__Exercise description__
Every line from the one with "适用于大屏的HV100芯片,功耗低、抗干" through the end of the material below, both ends included, should be transcribed exactly, without pictures.

__Recorded data__

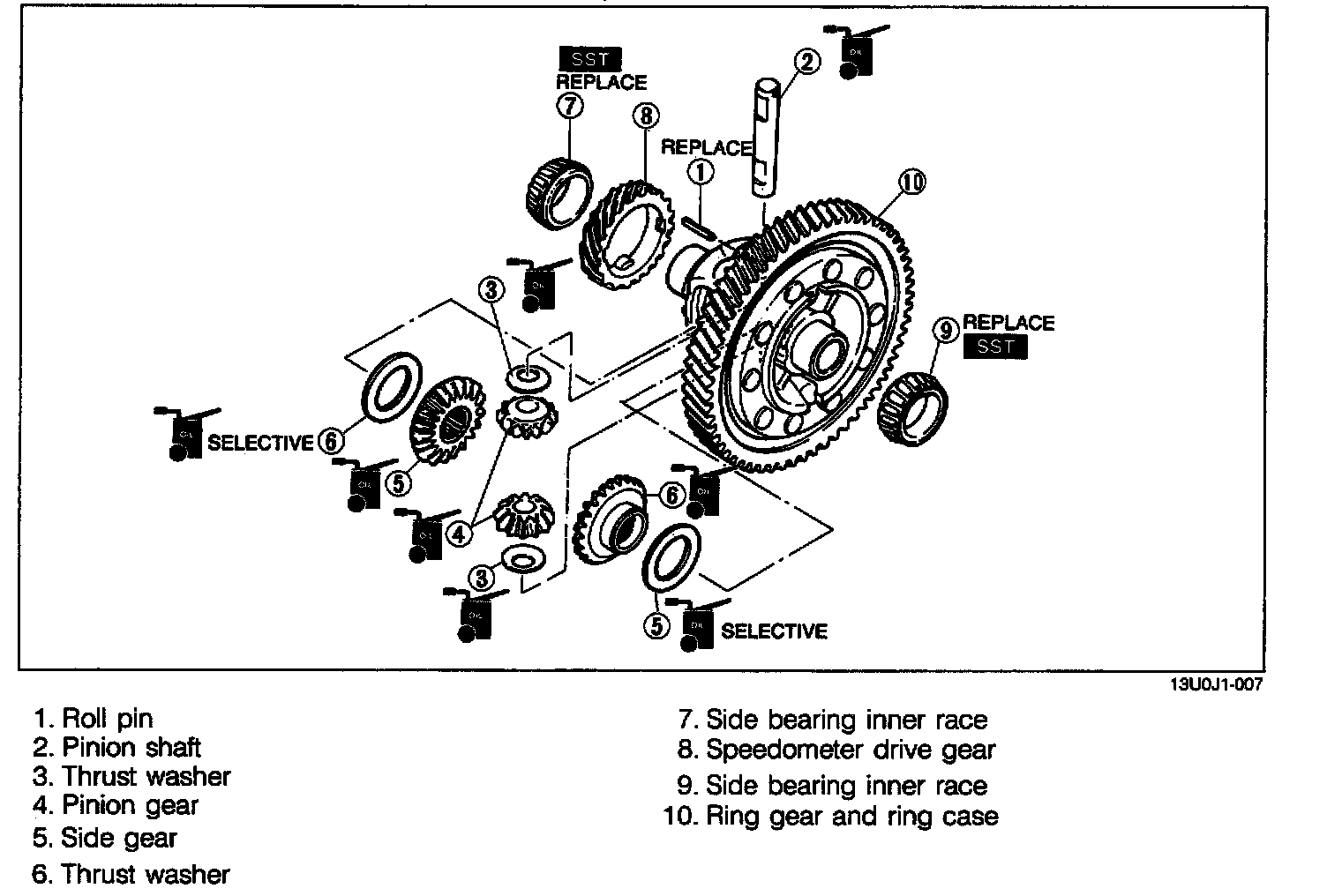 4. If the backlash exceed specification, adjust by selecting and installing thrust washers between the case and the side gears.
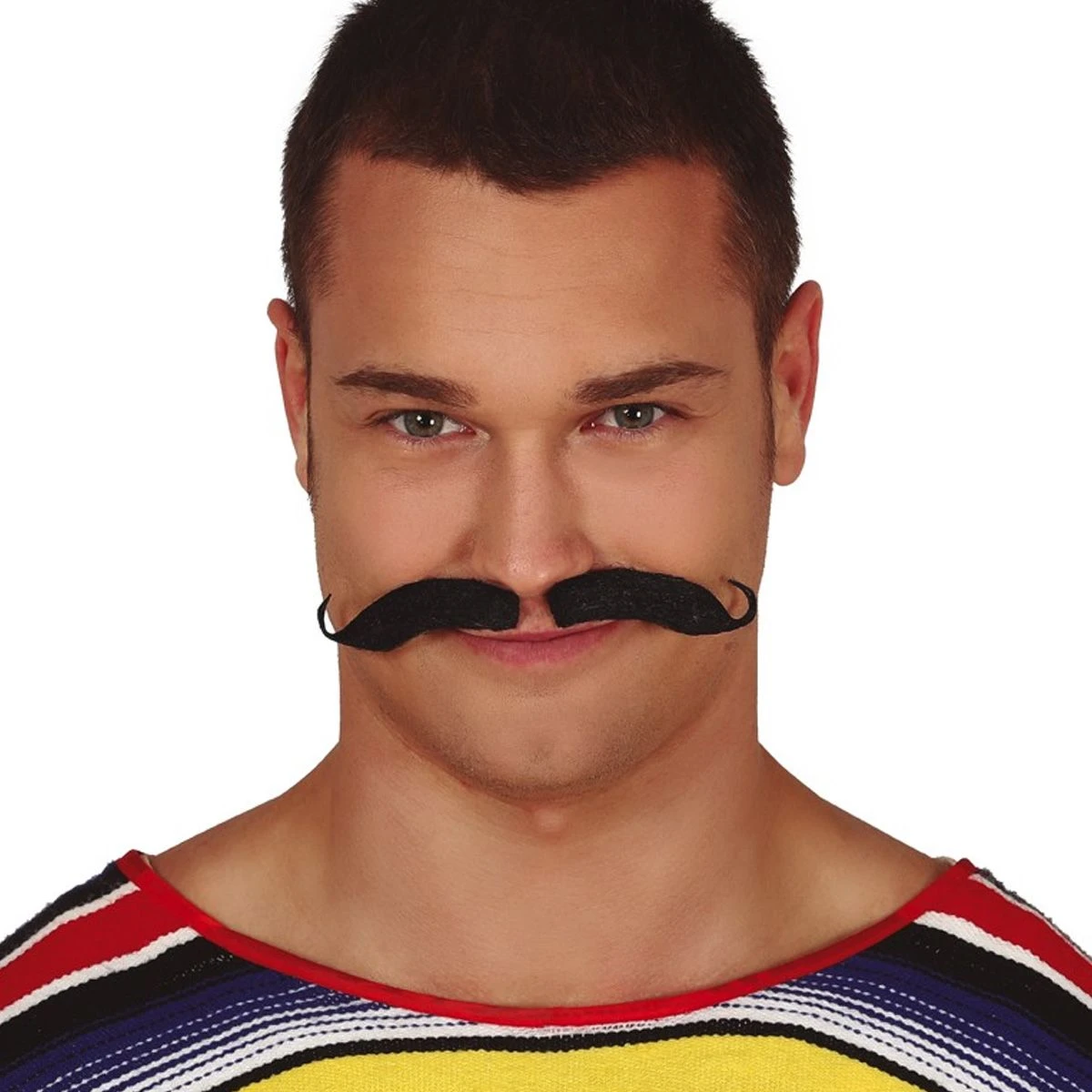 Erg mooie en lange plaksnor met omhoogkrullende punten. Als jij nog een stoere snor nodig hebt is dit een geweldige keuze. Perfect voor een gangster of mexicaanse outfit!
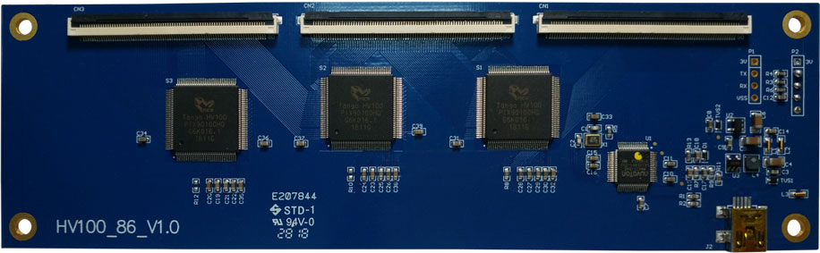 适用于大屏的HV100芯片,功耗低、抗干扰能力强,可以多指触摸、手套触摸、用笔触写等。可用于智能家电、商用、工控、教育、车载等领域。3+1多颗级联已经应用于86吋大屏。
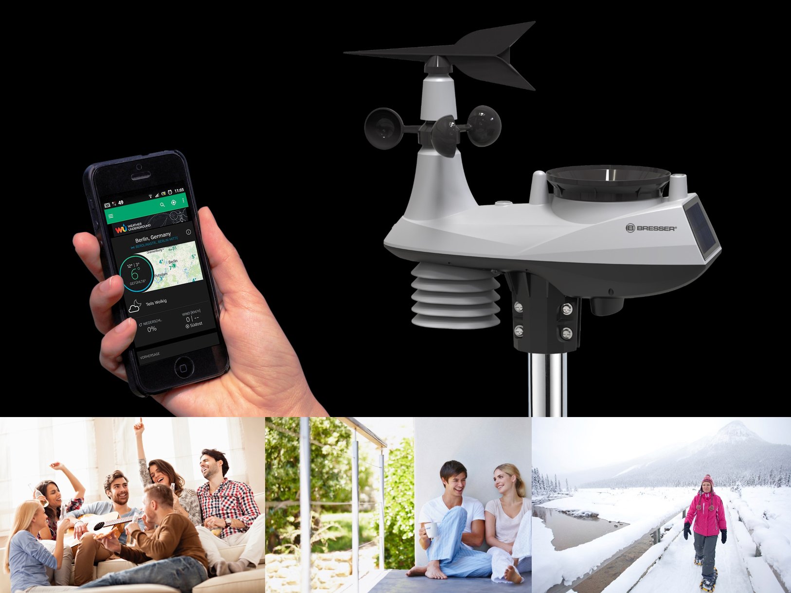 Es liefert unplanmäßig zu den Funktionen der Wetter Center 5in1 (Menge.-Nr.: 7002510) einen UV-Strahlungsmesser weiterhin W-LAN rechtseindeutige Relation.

__Worked solution__
 适用于大屏的HV100芯片,功耗低、抗干扰能力强,可以多指触摸、手套触摸、用笔触写等。可用于智能家电、商用、工控、教育、车载等领域。3+1多颗级联已经应用于86吋大屏。
 Es liefert unplanmäßig zu den Funktionen der Wetter Center 5in1 (Menge.-Nr.: 7002510) einen UV-Strahlungsmesser weiterhin W-LAN rechtseindeutige Relation.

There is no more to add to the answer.